Presidential Address by John von Heyking May 2 2014

advertisement
Civitas Presidential Address
John von Heyking
May 2, 2014 – Toronto
Welcome, everyone, to the 18th Annual General Meeting of Civitas.
It is unlikely that our Founding Directors – many are here tonight envisaged how far conservatism in Canada would come when they
founded our society. As many of you recall, conservatism was in
rough shape in the 1990s, both in terms of electoral politics and
conservatism’s capacity to advance its ideas.
Look where 18 years has taken us. Conservative-leaning parties dot
the electoral map of this country and, thanks to many in this room,
conservative ideas don’t just help to shape political debate, but they
drive the debate.
Civitas started as a bedraggled band of errant knights, quixotically
roaming the barren landscape and surrounded by the triumphalist
forces of liberalism. Now we are a major metropolis – in Latin, a
civitas – equipped with vibrant neighborhoods of the different varieties
of conservatism: Burkeans, Hayekians, Thomists, Smithians,
libertarians, Voegelinians, Straussians, social conservatives, thinktanks, academics, journalists, activists, politicians, lawyers, and people
who are none of those things but are simply engaged citizens who
wish, as our website states, “to promote and deepen understanding
through the exchange of a wide range of political, economic, social,
religious, cultural and philosophical ideas concerning the principles and
traditions of a free and ordered society."
We each inhabit an individual neighborhood – a little platoon – of this
“civitas,” but we all come together each year because we recognize
that beyond our individual neighborhood exists the greater good of the
Canadian polity. Thus, our name, “Civitas.”

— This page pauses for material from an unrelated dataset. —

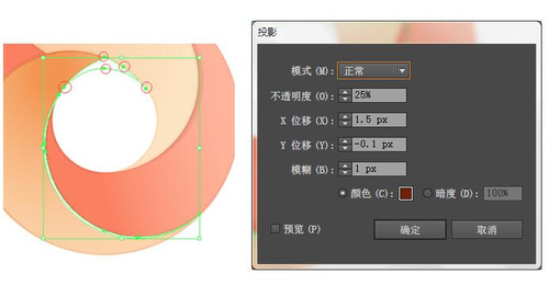 21.选择下图所示的圆,向前复制一层(Ctrl+C>Ctrl+F),选择复制层,向上移动2个像素。选择区域①,同样向前复制一层。选中这两个复制层,在路径查找器面板中选择交集,再使用删除锚点工具删除下图圈出来的锚点,适当的调整一下曲线,使得弧度更加自然,填充白色,不透明度80%。选择效果>风格化>投影,参数如下图所示。

Before coming here I reread some of our founding documents,
including the minutes of the founding meetings and the mission
statements. In addition to the expressed need for having a society
like ours, one of the main themes in these documents is the
importance of “conversation.”
Sure, we’re here to listen to speakers, to learn new ideas, see old
friends and meet new ones, as well as to advance our agendas and
causes.
But I think “conversation” is the best way to describe what we do and
what it means what conservatives do best. Neither lecture nor
disembodied social media, but real life, face-to-face conversation.
These days we witness a lot of left-wing causes imploding because
their side arrogantly claims “the debate is over.” We all know that
proclaiming the debate over is a sign that one’s position is weak, and
the louder such proclamations get, the more obvious those
weaknesses are to all.
Politics is about opinions and is inherently pluralistic. The conversation
is never over and I think we conservatives are at our best when we
recognize and advance this.
Winston Churchill wrote wonderful essays on the British Prime
Ministers and statesmen who were his Victorian predecessors, as well
as his senior colleagues and political friends: the Earl of Rosebery,
James Chamberlain, Henry Asquith, F. E. Smith, and Arthur James
Balfour.
Of each of them he assessed their moral character as well as their
political skill primarily according to their conversational skills and their
friendships. Indeed, each of them was an outstanding
conversationalist, and this made them good friends and good
politicians. He judged them on how well they treated their friends,
especially when political differences came between them.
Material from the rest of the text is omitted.